Please copy each line of the listing below precisely, excluding the images.

PROVIDED DATA:
__________

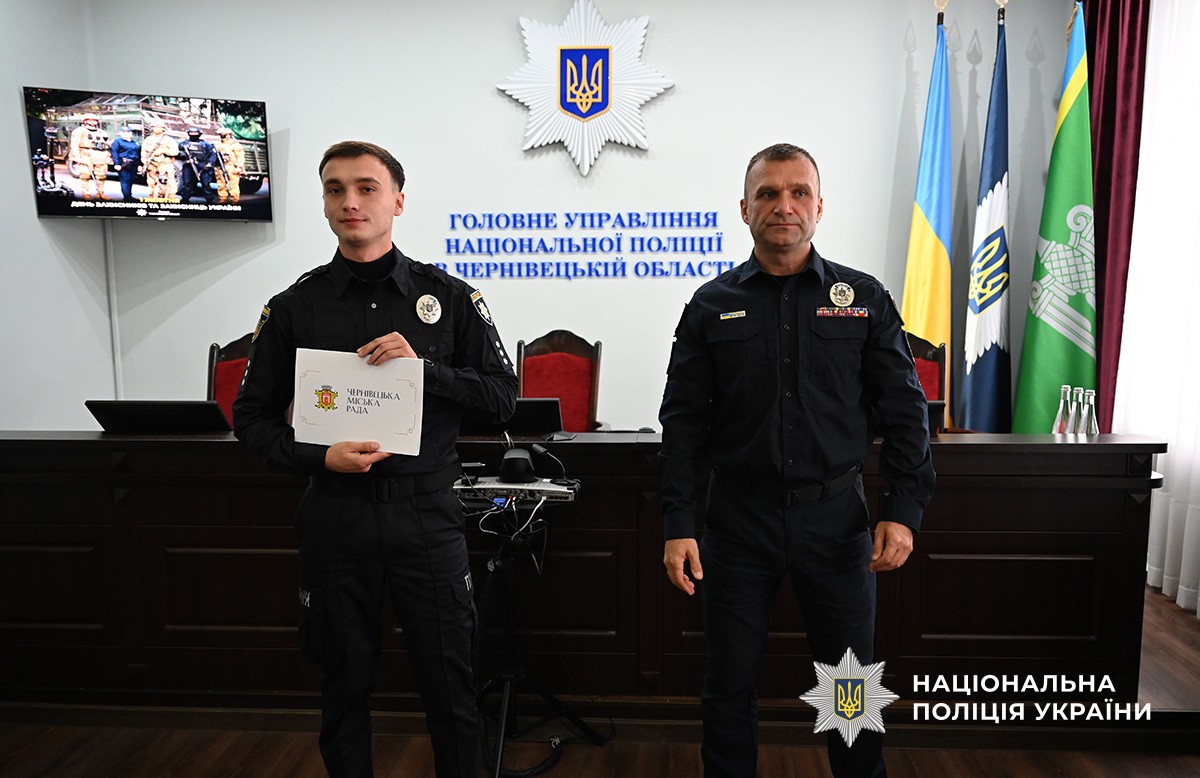 Також співробітники поліції отримали відзнаки, грамоти, подяки та цінні подарунки від МВС, НПУ, ГУНП, Чернівецької ОВА, обласної і міської рад.
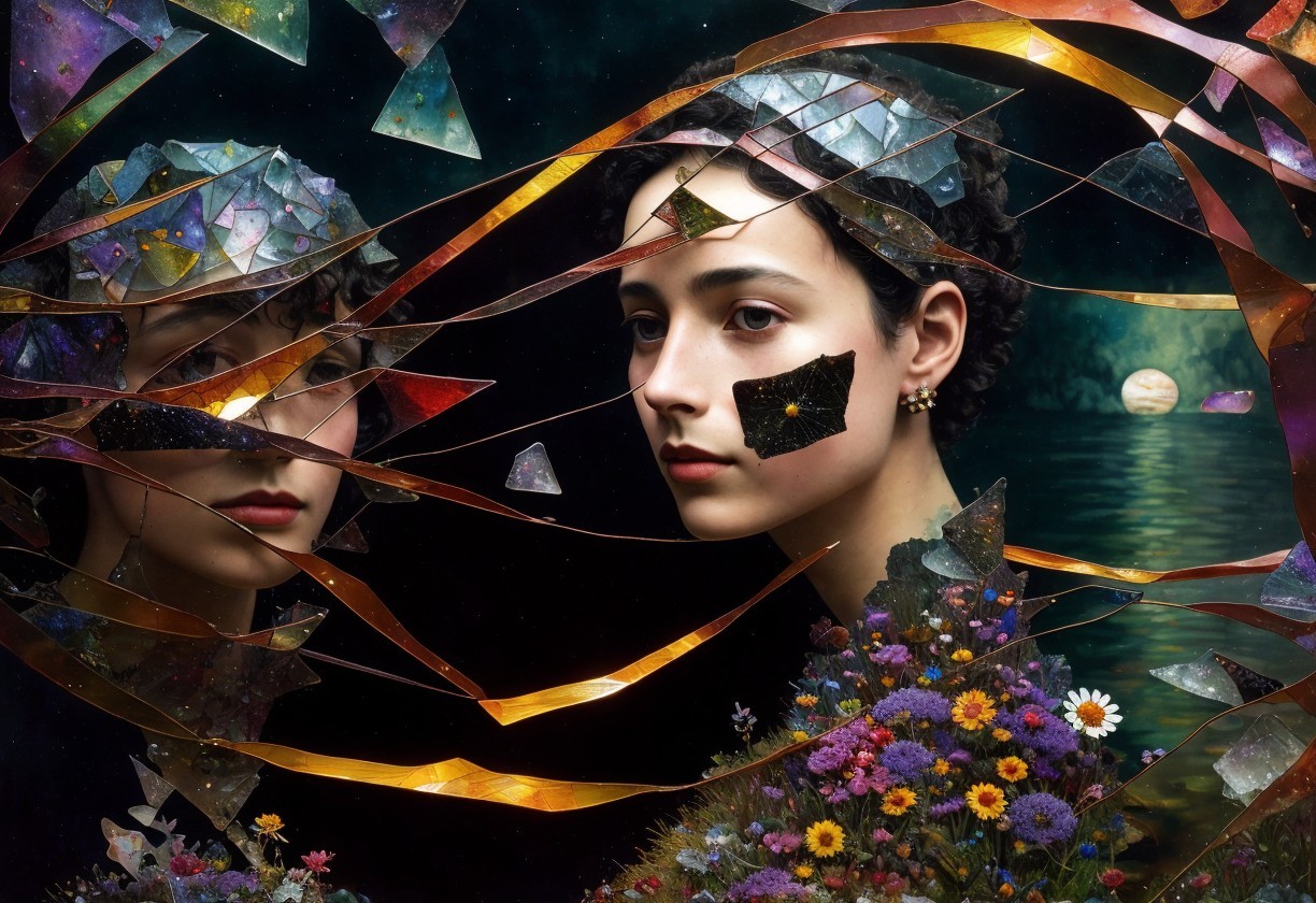 Prompt: lake in mountain woods, highland flower and river spectacular, gravel path, sunset, cosmic night sky ,by Egon Schiele, Paul Klee mixed media, depth of field, parts of background made out of glass shards, metallic ink details and realistic textures created by Dave McKean and Richard Corben
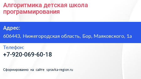Алгоритмика, детская школа программирования по адресу 606443, Нижегородская область, Бор, Маяковского, 1а в дальнейшем Организация, размещена в следующих категориях:
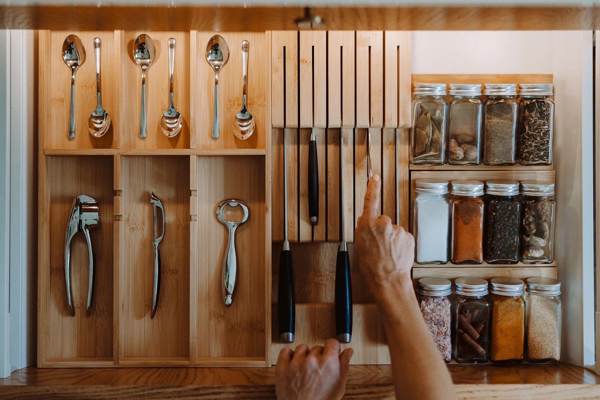 Naturalne drewno bambusowe (pełny korpus oraz spód pojemnika) ma ciepły, uniwersalny wygląd, który wprowadza harmonię do szuflad i sprawia, że aż chce się gotować. To materiał odnawialny, więc wybierasz rozwiązanie estetyczne i bardziej przyjazne środowisku.

__________

RESULT:
 Також співробітники поліції отримали відзнаки, грамоти, подяки та цінні подарунки від МВС, НПУ, ГУНП, Чернівецької ОВА, обласної і міської рад.
 Prompt: lake in mountain woods, highland flower and river spectacular, gravel path, sunset, cosmic night sky ,by Egon Schiele, Paul Klee mixed media, depth of field, parts of background made out of glass shards, metallic ink details and realistic textures created by Dave McKean and Richard Corben
Алгоритмика, детская школа программирования по адресу 606443, Нижегородская область, Бор, Маяковского, 1а в дальнейшем Организация, размещена в следующих категориях:
 Naturalne drewno bambusowe (pełny korpus oraz spód pojemnika) ma ciepły, uniwersalny wygląd, który wprowadza harmonię do szuflad i sprawia, że aż chce się gotować. To materiał odnawialny, więc wybierasz rozwiązanie estetyczne i bardziej przyjazne środowisku.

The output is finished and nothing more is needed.